Data provided =
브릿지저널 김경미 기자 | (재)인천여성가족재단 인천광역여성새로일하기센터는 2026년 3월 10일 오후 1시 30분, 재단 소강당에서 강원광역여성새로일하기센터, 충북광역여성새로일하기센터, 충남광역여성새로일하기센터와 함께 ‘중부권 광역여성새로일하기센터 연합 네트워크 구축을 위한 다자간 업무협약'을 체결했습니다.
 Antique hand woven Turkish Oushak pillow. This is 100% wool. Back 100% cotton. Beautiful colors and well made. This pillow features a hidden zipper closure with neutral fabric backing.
==
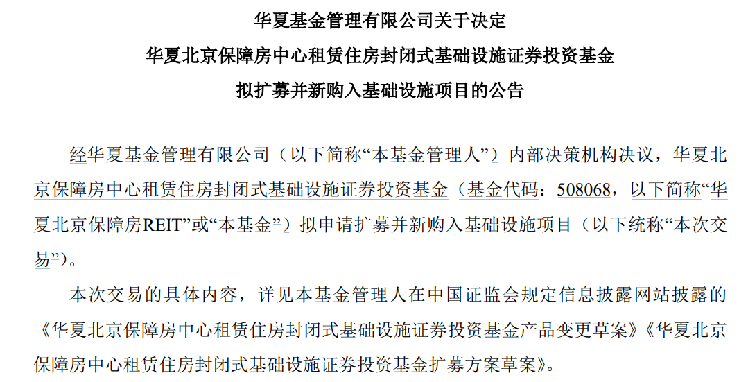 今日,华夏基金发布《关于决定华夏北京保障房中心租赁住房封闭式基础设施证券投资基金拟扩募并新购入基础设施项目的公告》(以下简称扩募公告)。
* * *
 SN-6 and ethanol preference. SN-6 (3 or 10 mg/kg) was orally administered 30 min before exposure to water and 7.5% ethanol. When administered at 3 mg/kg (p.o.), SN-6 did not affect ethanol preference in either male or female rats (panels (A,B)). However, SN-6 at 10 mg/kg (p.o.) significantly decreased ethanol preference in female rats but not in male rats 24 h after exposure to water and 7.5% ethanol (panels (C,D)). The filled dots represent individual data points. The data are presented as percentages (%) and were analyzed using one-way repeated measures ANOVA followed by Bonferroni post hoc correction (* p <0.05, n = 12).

Problem description = As listed above, the lines from the line with "브릿지저널 김경미 기자" to the line with "Antique hand woven" are to be echoed exactly, with both ends included and nothing added.

Task output =
브릿지저널 김경미 기자 | (재)인천여성가족재단 인천광역여성새로일하기센터는 2026년 3월 10일 오후 1시 30분, 재단 소강당에서 강원광역여성새로일하기센터, 충북광역여성새로일하기센터, 충남광역여성새로일하기센터와 함께 ‘중부권 광역여성새로일하기센터 연합 네트워크 구축을 위한 다자간 업무협약'을 체결했습니다.
 Antique hand woven Turkish Oushak pillow. This is 100% wool. Back 100% cotton. Beautiful colors and well made. This pillow features a hidden zipper closure with neutral fabric backing.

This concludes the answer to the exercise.